Returns a reference to the encoding hash. The keys of the encoding hash are the characters/strings passed at the construction. The values are their bit representation. Please note that the bit represantations are strings of ones and zeros is returned and not binary numbers.
Returns a reference to the decoding hash. The keys of the decoding hash are the bit presentations, while the values are the characters/strings the bitstrings stands for. Please note that the bit represantations are strings of ones and zeros is returned and not binary numbers.
Returns a bitstring of '1' and '0', representing an encoded version (with the current huffman tree) of the given string.
There could be some ambiguities, e.g. if there is an 'e' and an 'er' in the huffman tree. This algorithm is greedy. That means the given string is traversed from the beginning and in every loop, the longest possible encoding from the huffman tree is taken. In the above example, that would be 'er' instead of 'e'.

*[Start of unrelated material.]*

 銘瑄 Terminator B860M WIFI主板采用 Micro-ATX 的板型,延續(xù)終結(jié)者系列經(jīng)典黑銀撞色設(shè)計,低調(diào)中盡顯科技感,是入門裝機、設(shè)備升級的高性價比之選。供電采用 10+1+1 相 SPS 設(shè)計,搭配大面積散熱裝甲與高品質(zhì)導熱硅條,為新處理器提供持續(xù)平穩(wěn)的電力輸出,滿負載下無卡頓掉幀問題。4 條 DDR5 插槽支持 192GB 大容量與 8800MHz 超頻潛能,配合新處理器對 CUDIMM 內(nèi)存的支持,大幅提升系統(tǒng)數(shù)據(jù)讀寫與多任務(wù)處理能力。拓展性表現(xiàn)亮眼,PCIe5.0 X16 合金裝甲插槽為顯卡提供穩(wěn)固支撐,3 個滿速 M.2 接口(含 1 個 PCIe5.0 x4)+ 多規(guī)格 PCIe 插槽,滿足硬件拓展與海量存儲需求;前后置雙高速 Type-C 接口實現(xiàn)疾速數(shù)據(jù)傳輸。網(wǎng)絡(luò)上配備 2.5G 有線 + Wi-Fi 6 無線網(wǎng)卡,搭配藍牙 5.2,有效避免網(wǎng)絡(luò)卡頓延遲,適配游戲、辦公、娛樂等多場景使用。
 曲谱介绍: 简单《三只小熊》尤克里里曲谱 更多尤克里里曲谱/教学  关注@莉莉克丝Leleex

The greedy way isn't guarantueed to exist also in future versions. (E.g., I could imagine to look for the next two (or n) possible encoding substrings from the huffman tree and to select the one with the shortest encoding bitstring).

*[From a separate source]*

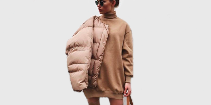 Un vestido tipo suéter. Los suéteres se hicieron para protegerte del frío, pero puedes comprar un suéter grande y holgado ¡Y convertirlo en vestido! Andarás calientita y segura de ti.
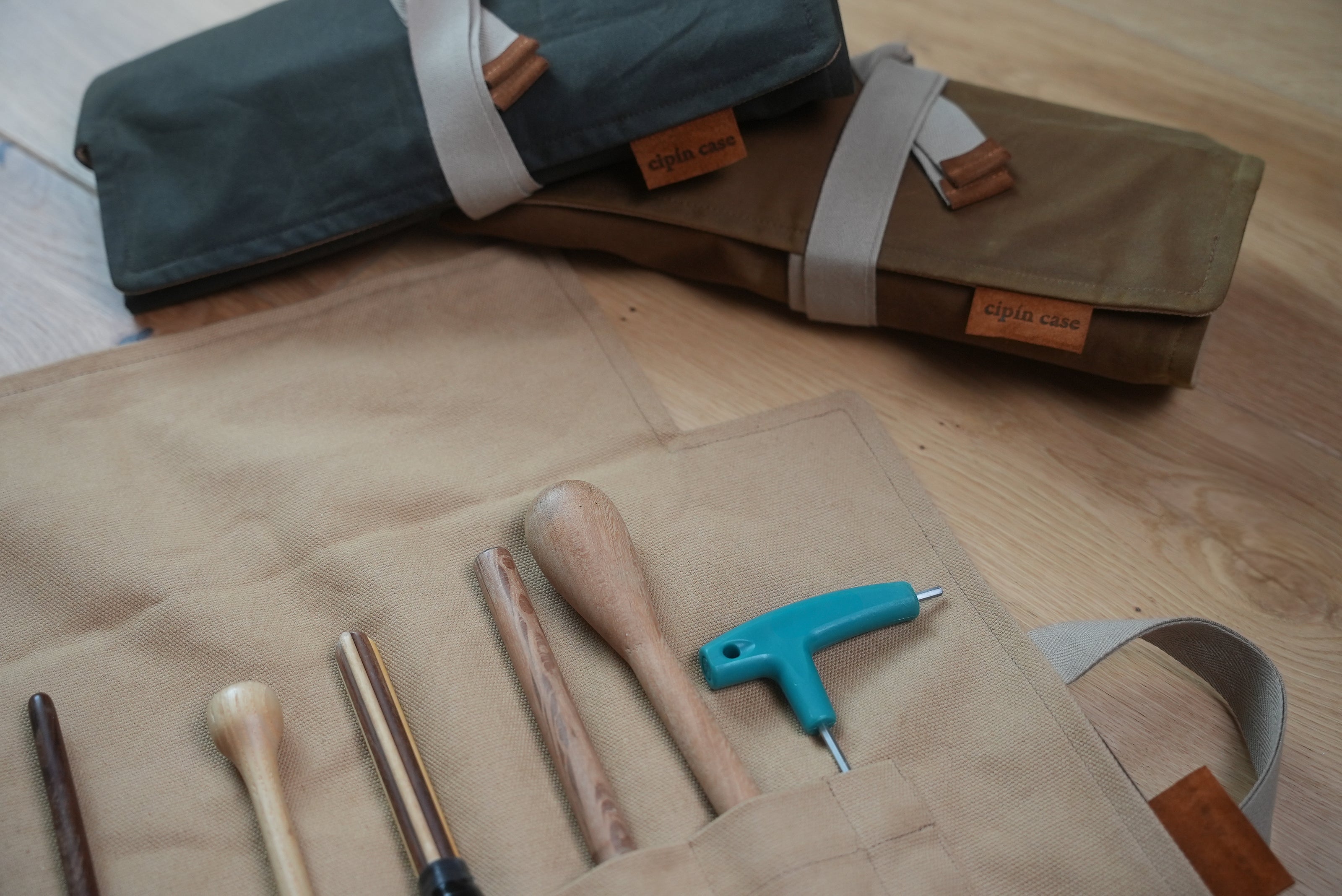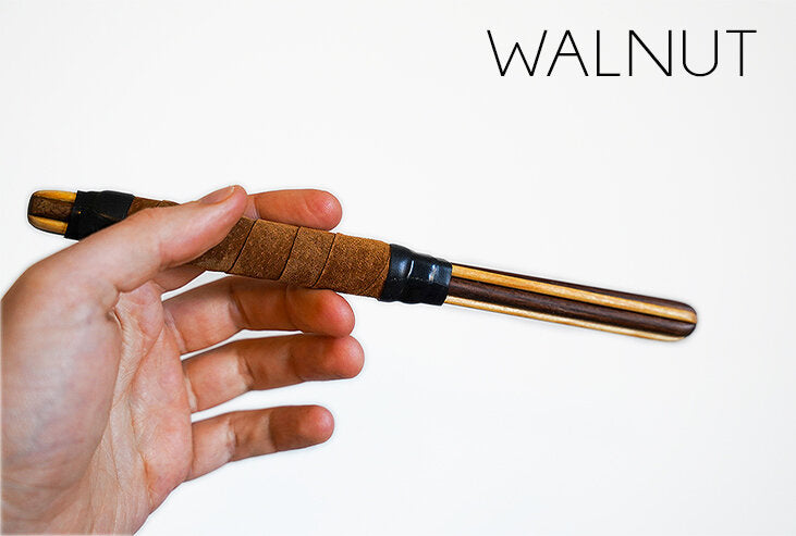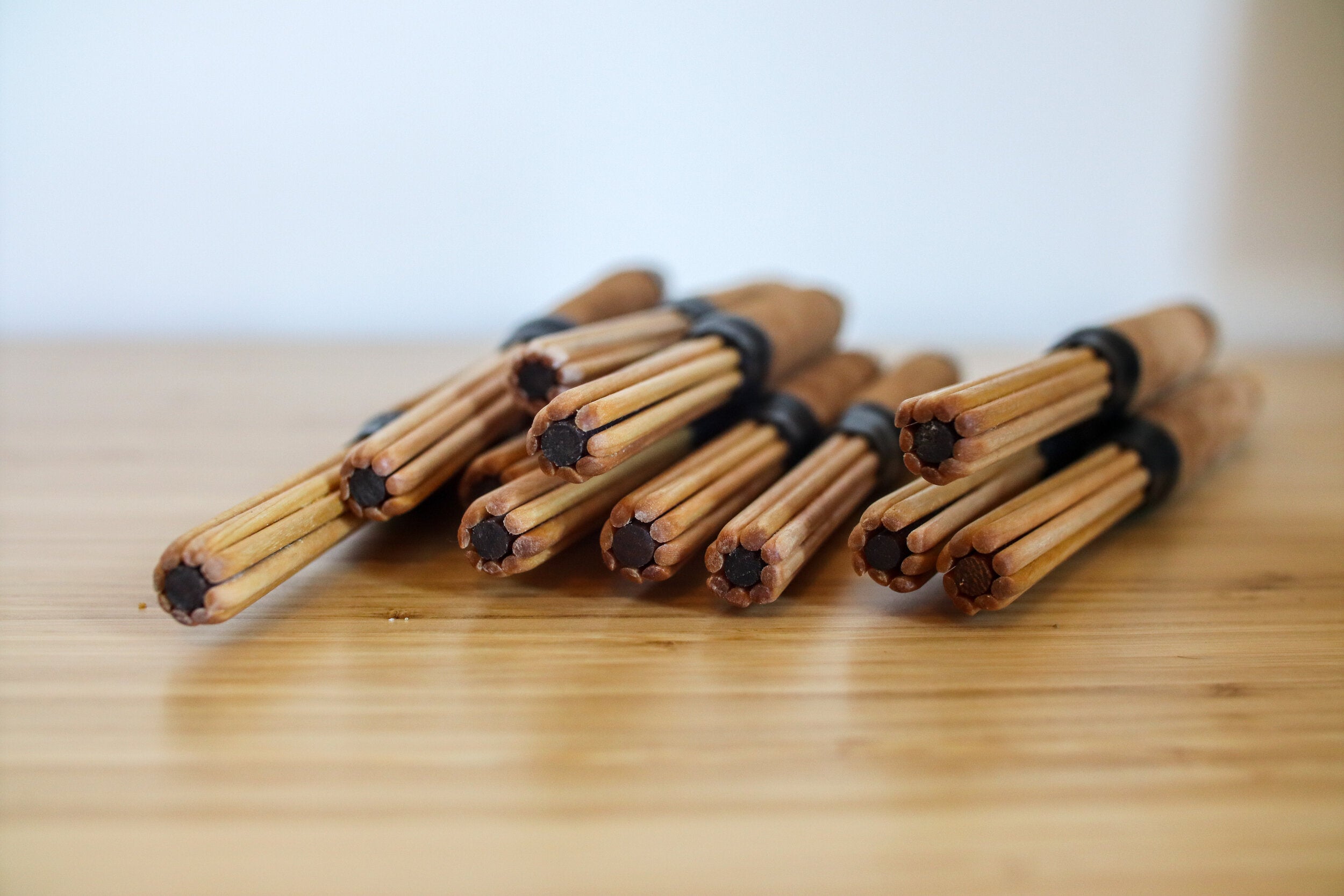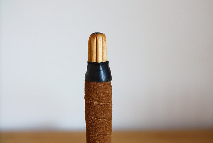 Each tipper is made with my own hands using carefully sourced and high-quality materials. Solid wood dowels which have been thrice treated to improve their strength and durability, and fine Italian suede which is a soft but strong natural grip.

Returns the huffman encoded packed bitvector of $string
.
Please look to the description of encode_bitstring
for details.
Decodes a bitstring of '1' and '0' to the original string. Allthough the encoding could be a bit ambigious, the decoding is alway unambigious.
Please take care that only ones and zeroes are in the bitstring. The method will die otherwise.

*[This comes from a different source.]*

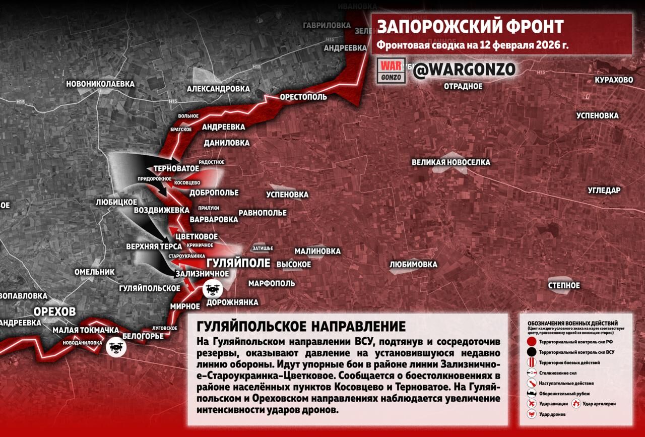 Tình hình tại khu vực Huliaipole tính đến ngày 12 tháng 2 năm 2026

It will also die if the bitstring isnt complete. E.g., assuming, you have a Huffman-Table
a => 1 b => 01 c => 00
and wanted to code 'abc'. The right coding is '10100'. But '1010' (the last 0 is missing) will produce the error message: Unknown bit sequence starting at index 3 in the bitstring
.
Decodes a packed bitvector (encoded with the ->encode method).
Please look to the description of decode_bitstring
for details.
None by default.
If a character/string has occurs zero times, it is still coded. At the moment, you have to grep them out before. I don't plan to change it, as it can realistic happen and they would play a role. (Imagine, you would code all three letter combinations found in some english texts, you still would have to code all ASCII characters, even if they don't occur in the texts you have analyzed. Reason is that they could occur in other texts and you would have to guarantee that you can code every text without any lost information)
If you encode part for part your stream, you could get the idea of doing stuff like:
my $encode1 = $huff->encode_bitstring($chapter1); my $encode2 = $huff->encode_bitstring($chapter2); my $total_encode = $encode1 . $encode2; my $all_chapters = $huff->decode_bitstring($total_encode); # Now $all_chapter eq $chapter1 . $chapter2
That will work fine, but I'm afraid, it won't work, if you replace the ..code_bitstring methods
with the ..code
methods.
It isn't tested with a big histogram of characters/strings.
There could be some others, as this code is still in the ALPHA stadium.
Up till now, I didn't care a lot about the speed. Some parts could still be improved in Perl and a lot of the parts could be reimplemented in C.
Thanks to Perry Leopold who found some problems with the parameter validation and the synopsis.
Every good book about data compression.
Janek Schleicher, <bigj@kamelfreund.de>
Copyright 2002 by Janek Schleicher
This library is free software; you can redistribute it and/or modify it under the same terms as Perl itself.